It’s the lottery of the day when citizens of America don’t have to be broke. Today, there are many options to meet expenses if the cash runs out before payday; one option is known as a Title Loan.
According to an article, “The Unintended Consequences of Cracking Down on Payday Lenders. Payday lenders aren’t the demonic entities they’re made out to be” to acquire this particular loan is fairly easy, “In a payday loan, the borrower writes a post-dated check to cover the loan amount, plus fees. In a car-title loan, the borrower puts up a vehicle as collateral. Since 2010 the number of car-title lending companies in Virginia has more than doubled. Last year, they made more than 128,000 loans, worth an aggregate $125 million. They also repossessed nearly 8,400 vehicles.”

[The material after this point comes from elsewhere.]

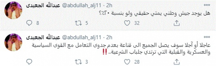 وأضاف في تغريدة أخرى: "هل يوجد جيش وطني يمني حقيقي ولو بنسبة 20٪؟".
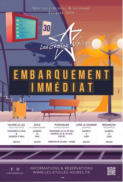 "Dernier appel avant embarquement ! Pour fêter les 30 ans de la troupe, Les Étoiles Noires partent prochainement en voyage. Une belle occasion de diffuser le message qui les unit, aux 4 coins de la planète ! Moments d’évasion, sensations de liberté… Départ imminent pour de belles émotions, sans décalage horaire. Et pourquoi pas une petite escale dans le temps, au gré des souvenirs qui rassemblent des dizaines d’aventuriers de l’Espoir ? Avis à tous les Globe-Trotters, au public de la première heure : Quel beau chemin nous avons déjà parcouru… Ensemble !"

Critics of the loans now lobby to lower interest rates, sources say. CNN reports, “According to a survey conducted for the campaign, 85 percent of Texas voters favor an interest rate cap of 36 percent, similar to rates on high-interest credit cards.The survey of 800 registered voters was conducted for two coalitions, the Texas Fair Lending Alliance and Texas Faith For Fair Lending, in connection with Texas Appleseed. Nearly three-dozen religious and consumer organizations are said to be involved in the coalitions.”
Also included with these entities is the well known Catholic Charities Dioceses of Texas who helps those in need.
The report adds further, “Car title lenders are in a different category than credit card companies or banks and work around usury laws. Thus, title loan lenders are able to charge triple digit annual percentage rates (APRs). Yes, triple digits. It’s not an exaggeration to see 250% APR and higher on these car tile loans and only a handful of states have passed strict laws that prohibit exorbitant percentage rates.”